The deal follows the announcement of a successful test of a cloud-centric 5G Edge computing platform, which the Abu Dhabi-based telecoms operator aims to leverage for sustainable business growth in the B2B segment, the companies said in a joint statement on Tuesday.
The agreement was signed at the Mobile World Congress (MWC) in Barcelona.
“The success of this testing activity will support UAE industries and the government sector in achieving their digital transformational objectives as we deploy a full suite of on-premise private 5G connectivity with inventive digital use cases requiring low latency and extreme reliability,” said Khalid Murshed, chief technology, and information officer of Etisalat UAE.
Edge computing in the telecoms industry moves the computing of traffic and services from a centralized cloud to the edge of the network and closer to the customer, Juniper networks reported.
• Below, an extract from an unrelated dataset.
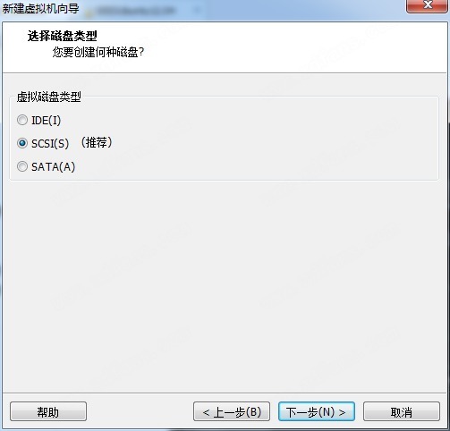 9、选择磁盘类型,我们选择推荐的SCSI类型即可

The main driving force for Edge technology is 5G, the present mobile communications standard. By 2025, 5G will be the “excessively used” access technology for multi-access edge computing (MEC) use cases at 100 percent, followed by fixed Wi-Fi, which is expected to be “excessively” and “significantly” used at both 37 percent, said MWC organizers the GSMA Association.
The “5G in a Box” concept, meanwhile, uses programmable hardware platforms and high-performance commodity computing servers to offer a generic and programmable platform for deployment at the edges of a 5G network, the University of Bristol said.
The cloud is also a key component of Edge computing. By 2025, 75 percent of organizations will use cloud services, research firm Gartner said.
Also, Dubai’s Emirates Integrated Telecommunications Company on Tuesday announced a similar preliminary agreement with Huawei at the MWC in which the two companies will collaborate to develop MEC that will help the operator, known as du, diversify its communications services.